**YOUR ASSIGNMENT**.
Please write out exactly the lines of the data below from the line holding "Elastic cuff provides" through the line holding "荔枝新闻讯 3月10日,江苏", and leave out the rest.

**EXTRACTED ENTRIES**.

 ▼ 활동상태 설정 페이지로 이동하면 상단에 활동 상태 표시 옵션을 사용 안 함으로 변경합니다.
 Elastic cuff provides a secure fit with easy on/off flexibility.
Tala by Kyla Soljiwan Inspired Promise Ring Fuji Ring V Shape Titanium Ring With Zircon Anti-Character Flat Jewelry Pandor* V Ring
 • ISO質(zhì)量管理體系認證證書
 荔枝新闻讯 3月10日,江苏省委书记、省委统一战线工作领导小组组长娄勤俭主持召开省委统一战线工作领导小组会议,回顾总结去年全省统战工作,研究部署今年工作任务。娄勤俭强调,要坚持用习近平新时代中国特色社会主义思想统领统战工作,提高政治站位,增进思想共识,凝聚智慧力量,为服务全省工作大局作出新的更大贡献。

==

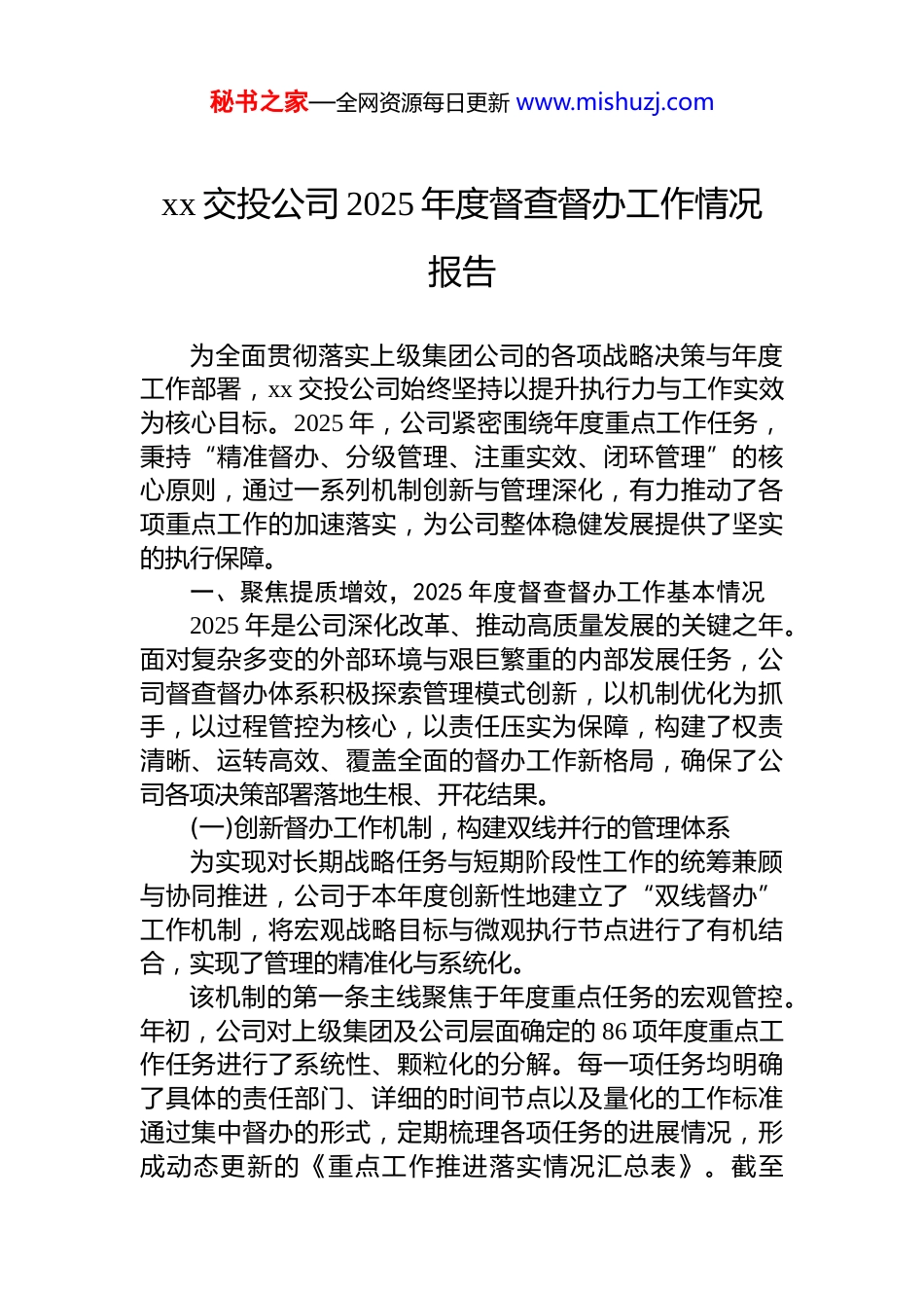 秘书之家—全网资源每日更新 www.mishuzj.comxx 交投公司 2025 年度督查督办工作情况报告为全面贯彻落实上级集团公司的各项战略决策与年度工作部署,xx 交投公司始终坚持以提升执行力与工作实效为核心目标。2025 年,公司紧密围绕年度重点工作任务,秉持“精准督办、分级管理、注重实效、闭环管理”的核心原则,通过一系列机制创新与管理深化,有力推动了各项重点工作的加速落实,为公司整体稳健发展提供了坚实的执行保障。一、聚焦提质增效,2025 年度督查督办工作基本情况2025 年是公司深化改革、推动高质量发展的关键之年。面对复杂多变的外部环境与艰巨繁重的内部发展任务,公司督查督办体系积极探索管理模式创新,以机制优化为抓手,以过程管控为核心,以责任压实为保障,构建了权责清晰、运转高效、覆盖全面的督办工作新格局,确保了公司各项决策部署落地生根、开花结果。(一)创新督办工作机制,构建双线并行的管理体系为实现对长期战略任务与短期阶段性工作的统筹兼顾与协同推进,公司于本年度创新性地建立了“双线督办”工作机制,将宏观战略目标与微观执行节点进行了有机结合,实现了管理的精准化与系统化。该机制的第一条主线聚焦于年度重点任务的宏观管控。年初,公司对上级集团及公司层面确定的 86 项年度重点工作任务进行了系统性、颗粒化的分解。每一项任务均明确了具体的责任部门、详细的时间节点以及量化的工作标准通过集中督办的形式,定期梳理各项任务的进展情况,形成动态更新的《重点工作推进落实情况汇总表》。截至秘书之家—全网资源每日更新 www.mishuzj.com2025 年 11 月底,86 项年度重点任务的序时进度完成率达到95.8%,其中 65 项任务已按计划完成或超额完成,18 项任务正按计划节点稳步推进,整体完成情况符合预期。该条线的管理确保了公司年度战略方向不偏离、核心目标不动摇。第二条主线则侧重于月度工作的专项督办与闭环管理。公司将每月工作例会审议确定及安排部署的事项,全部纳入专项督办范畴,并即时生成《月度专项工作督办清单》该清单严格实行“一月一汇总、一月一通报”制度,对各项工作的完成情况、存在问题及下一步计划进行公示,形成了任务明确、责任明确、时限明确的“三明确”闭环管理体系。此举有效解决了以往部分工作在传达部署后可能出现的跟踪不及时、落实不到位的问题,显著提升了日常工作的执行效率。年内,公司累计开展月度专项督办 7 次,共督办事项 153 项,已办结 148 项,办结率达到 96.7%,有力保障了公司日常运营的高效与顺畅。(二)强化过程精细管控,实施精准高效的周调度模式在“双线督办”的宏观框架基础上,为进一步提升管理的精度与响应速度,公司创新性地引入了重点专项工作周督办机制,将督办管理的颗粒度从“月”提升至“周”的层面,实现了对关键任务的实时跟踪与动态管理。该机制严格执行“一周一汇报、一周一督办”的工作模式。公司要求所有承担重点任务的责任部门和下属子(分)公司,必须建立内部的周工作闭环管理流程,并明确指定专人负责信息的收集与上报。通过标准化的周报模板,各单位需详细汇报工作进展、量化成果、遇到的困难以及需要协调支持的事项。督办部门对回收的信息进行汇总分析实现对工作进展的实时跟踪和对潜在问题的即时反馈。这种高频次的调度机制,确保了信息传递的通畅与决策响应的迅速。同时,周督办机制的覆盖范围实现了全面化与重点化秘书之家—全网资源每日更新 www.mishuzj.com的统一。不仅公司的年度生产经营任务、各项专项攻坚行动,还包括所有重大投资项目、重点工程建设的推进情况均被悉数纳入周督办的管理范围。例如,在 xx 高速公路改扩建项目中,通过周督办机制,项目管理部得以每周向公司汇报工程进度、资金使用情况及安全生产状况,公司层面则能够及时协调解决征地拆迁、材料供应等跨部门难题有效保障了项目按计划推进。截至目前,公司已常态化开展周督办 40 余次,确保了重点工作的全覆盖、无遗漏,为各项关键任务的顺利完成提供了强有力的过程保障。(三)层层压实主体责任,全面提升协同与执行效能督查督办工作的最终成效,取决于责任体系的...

**SOLUTION TO THIS TASK**.
 Elastic cuff provides a secure fit with easy on/off flexibility.
Tala by Kyla Soljiwan Inspired Promise Ring Fuji Ring V Shape Titanium Ring With Zircon Anti-Character Flat Jewelry Pandor* V Ring
 • ISO質(zhì)量管理體系認證證書
 荔枝新闻讯 3月10日,江苏省委书记、省委统一战线工作领导小组组长娄勤俭主持召开省委统一战线工作领导小组会议,回顾总结去年全省统战工作,研究部署今年工作任务。娄勤俭强调,要坚持用习近平新时代中国特色社会主义思想统领统战工作,提高政治站位,增进思想共识,凝聚智慧力量,为服务全省工作大局作出新的更大贡献。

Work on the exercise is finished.